Splash Corporation has grown from being a backyard business in 1985 to a world class and competitive company. In its 23 years in the industry it has provided quality products and has given employment to our fellow Filipinos. It is currently the largest Filipino-owned company that competes strongly in an industry that has long been dominated by big multinational corporations.

But even with its competitive state, the filing and packing department of Splash Corporation has consistently exceeded its Cycle Time Index(CTI) target of 1.05 from June 2006-July 2007 which resulted to opportunity loss of Php2,411,139.87. With the use of a Fish Bone diagram and Pareto Analysis tool, the problem areas have been identified by the proponent. The root causes identified were Machine Breakdown, Machine Clogging, Meeting during production runs, and Changeover Errors. These problems comprise 87.51% of the total causes of delays that increased the actual cycle time. The delays, in turn, have increased the CTI by 38.24% of its allowable 1.05.
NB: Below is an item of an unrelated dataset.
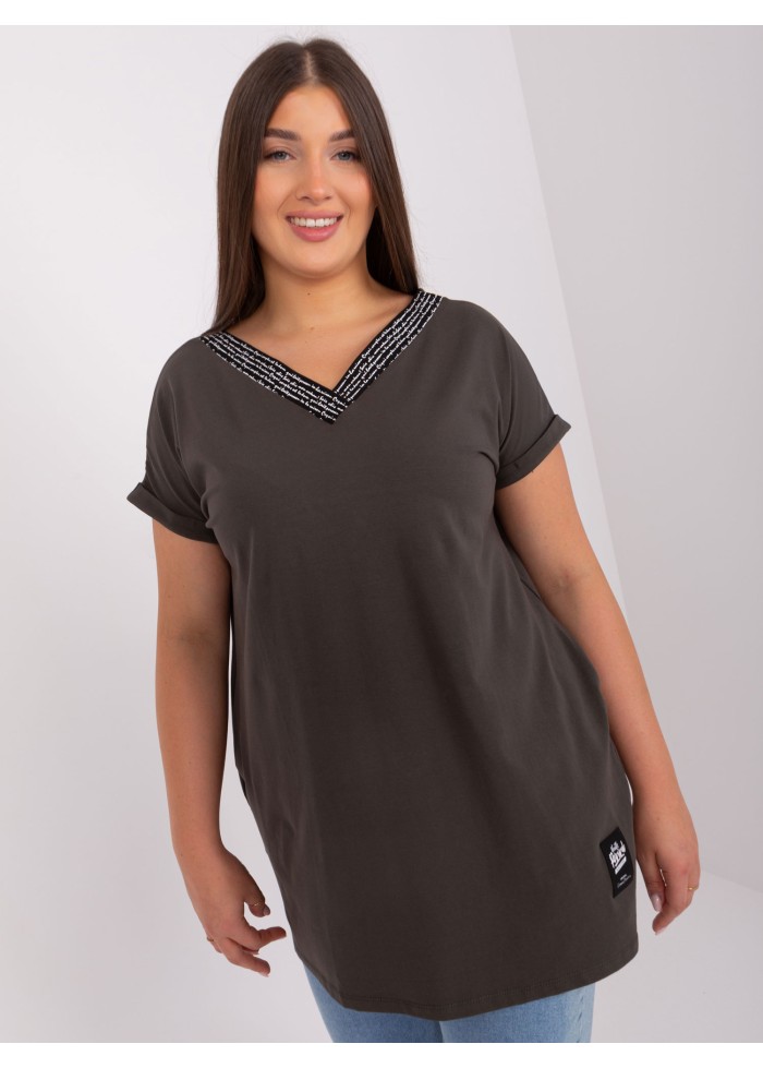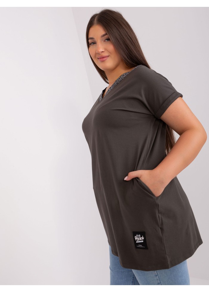 Dámske predĺžené tričko, krátky rukáv s ozdobným lémom, 2 vrecká, ozdobné aplikácie, výstrih do v aj vzadu, výrazný výstrih vzadu, ozdobný lém v dekolte, jednoduchý strih, spôsob prania: pranie v práčke na 30°c, materiál: 90% bavlna, 10% elastan, univerzálna veľkosť, miery modelky: výška: 175 cm, prsia: 90 cm, pás: 71 cm, boky: 100 cm, rozmer produktu meraného na plocho:, šírka pod plecami: 61 cm, celková dĺžka: 86 cm.

After problem analysis and Pareto validation, alternative solutions were made to address the different problem area. The solutions are Early Detection Program (EDP) for machine breakdown, a Pre-measured Adjustment Guide (PMAG) for machine clogging, Weekly Meetings (WM) for meeting problem, Visual Marking of Tube (VMT) for change over delays. The EDP was able to decrease the lost time incurred during machine breakdowns by 86.06% and the PMAG was able to decrease the lost time incurred during machine clogging by 71.30%. The WM and the VMT was able to decrease the lost time incurred by meeting delays and changeover delays by 68.42% and 62.12% respectively. With these solutions, the CTI was reduced by 55.14%. The proponent has showed that the CTI target of 1.05 is only attainable but also manageable to be lowered if the solutions will be continued.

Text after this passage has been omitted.